* The data:
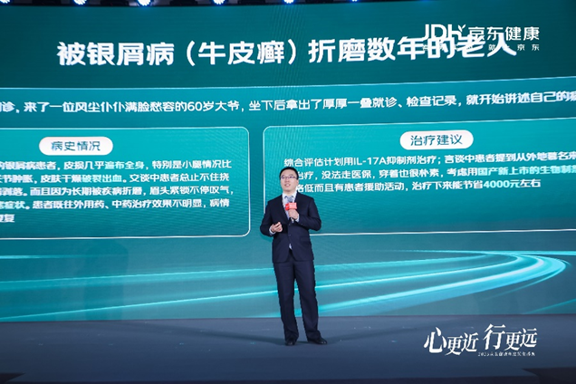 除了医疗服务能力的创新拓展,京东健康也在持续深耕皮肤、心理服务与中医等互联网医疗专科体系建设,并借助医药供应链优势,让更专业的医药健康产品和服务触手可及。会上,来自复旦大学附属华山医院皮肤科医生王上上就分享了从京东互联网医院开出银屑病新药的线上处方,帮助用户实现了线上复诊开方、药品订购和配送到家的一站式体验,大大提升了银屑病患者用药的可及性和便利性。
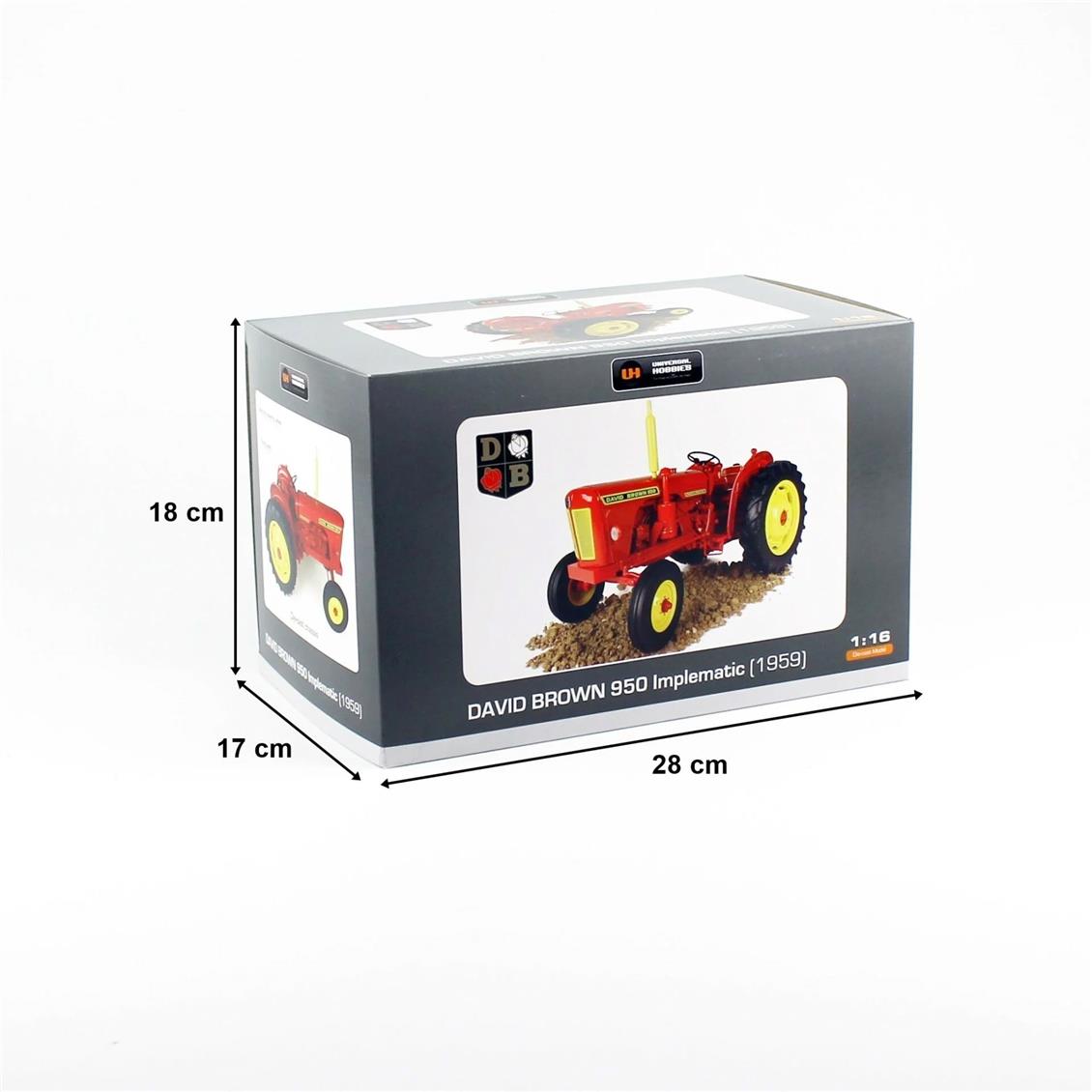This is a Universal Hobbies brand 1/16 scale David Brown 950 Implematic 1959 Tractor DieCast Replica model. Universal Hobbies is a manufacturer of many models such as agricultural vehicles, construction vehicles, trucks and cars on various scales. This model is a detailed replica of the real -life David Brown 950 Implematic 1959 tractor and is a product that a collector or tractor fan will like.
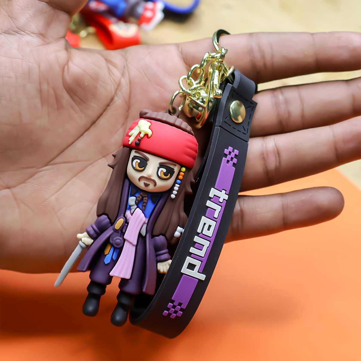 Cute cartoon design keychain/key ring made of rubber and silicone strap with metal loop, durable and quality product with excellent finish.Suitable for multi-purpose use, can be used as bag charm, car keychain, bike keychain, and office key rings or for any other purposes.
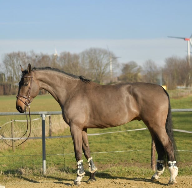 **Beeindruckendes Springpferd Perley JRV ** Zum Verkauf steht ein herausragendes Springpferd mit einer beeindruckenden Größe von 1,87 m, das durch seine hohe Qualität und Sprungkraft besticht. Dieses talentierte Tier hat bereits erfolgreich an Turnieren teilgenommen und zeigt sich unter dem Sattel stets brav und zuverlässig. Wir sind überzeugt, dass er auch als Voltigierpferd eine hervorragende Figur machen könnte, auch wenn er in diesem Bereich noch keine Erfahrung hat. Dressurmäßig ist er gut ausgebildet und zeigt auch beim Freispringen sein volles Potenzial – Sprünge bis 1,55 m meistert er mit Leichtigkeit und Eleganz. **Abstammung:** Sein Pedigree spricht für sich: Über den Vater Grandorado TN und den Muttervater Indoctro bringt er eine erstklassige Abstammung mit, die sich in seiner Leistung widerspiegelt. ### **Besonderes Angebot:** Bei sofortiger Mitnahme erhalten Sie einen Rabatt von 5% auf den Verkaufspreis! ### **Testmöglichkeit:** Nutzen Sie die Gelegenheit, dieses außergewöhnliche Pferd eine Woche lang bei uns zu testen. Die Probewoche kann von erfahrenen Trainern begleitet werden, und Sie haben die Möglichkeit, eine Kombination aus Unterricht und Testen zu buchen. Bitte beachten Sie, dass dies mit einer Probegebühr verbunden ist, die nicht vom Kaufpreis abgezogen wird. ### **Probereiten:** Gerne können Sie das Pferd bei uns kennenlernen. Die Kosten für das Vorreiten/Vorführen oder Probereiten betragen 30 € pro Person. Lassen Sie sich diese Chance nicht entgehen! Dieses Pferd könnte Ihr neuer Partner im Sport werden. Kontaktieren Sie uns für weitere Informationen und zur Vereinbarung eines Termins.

* What to work on:
Could you transcribe the material above exactly, keeping every picture out?

* Written response:
 除了医疗服务能力的创新拓展,京东健康也在持续深耕皮肤、心理服务与中医等互联网医疗专科体系建设,并借助医药供应链优势,让更专业的医药健康产品和服务触手可及。会上,来自复旦大学附属华山医院皮肤科医生王上上就分享了从京东互联网医院开出银屑病新药的线上处方,帮助用户实现了线上复诊开方、药品订购和配送到家的一站式体验,大大提升了银屑病患者用药的可及性和便利性。
This is a Universal Hobbies brand 1/16 scale David Brown 950 Implematic 1959 Tractor DieCast Replica model. Universal Hobbies is a manufacturer of many models such as agricultural vehicles, construction vehicles, trucks and cars on various scales. This model is a detailed replica of the real -life David Brown 950 Implematic 1959 tractor and is a product that a collector or tractor fan will like.
 Cute cartoon design keychain/key ring made of rubber and silicone strap with metal loop, durable and quality product with excellent finish.Suitable for multi-purpose use, can be used as bag charm, car keychain, bike keychain, and office key rings or for any other purposes.
 **Beeindruckendes Springpferd Perley JRV ** Zum Verkauf steht ein herausragendes Springpferd mit einer beeindruckenden Größe von 1,87 m, das durch seine hohe Qualität und Sprungkraft besticht. Dieses talentierte Tier hat bereits erfolgreich an Turnieren teilgenommen und zeigt sich unter dem Sattel stets brav und zuverlässig. Wir sind überzeugt, dass er auch als Voltigierpferd eine hervorragende Figur machen könnte, auch wenn er in diesem Bereich noch keine Erfahrung hat. Dressurmäßig ist er gut ausgebildet und zeigt auch beim Freispringen sein volles Potenzial – Sprünge bis 1,55 m meistert er mit Leichtigkeit und Eleganz. **Abstammung:** Sein Pedigree spricht für sich: Über den Vater Grandorado TN und den Muttervater Indoctro bringt er eine erstklassige Abstammung mit, die sich in seiner Leistung widerspiegelt. ### **Besonderes Angebot:** Bei sofortiger Mitnahme erhalten Sie einen Rabatt von 5% auf den Verkaufspreis! ### **Testmöglichkeit:** Nutzen Sie die Gelegenheit, dieses außergewöhnliche Pferd eine Woche lang bei uns zu testen. Die Probewoche kann von erfahrenen Trainern begleitet werden, und Sie haben die Möglichkeit, eine Kombination aus Unterricht und Testen zu buchen. Bitte beachten Sie, dass dies mit einer Probegebühr verbunden ist, die nicht vom Kaufpreis abgezogen wird. ### **Probereiten:** Gerne können Sie das Pferd bei uns kennenlernen. Die Kosten für das Vorreiten/Vorführen oder Probereiten betragen 30 € pro Person. Lassen Sie sich diese Chance nicht entgehen! Dieses Pferd könnte Ihr neuer Partner im Sport werden. Kontaktieren Sie uns für weitere Informationen und zur Vereinbarung eines Termins.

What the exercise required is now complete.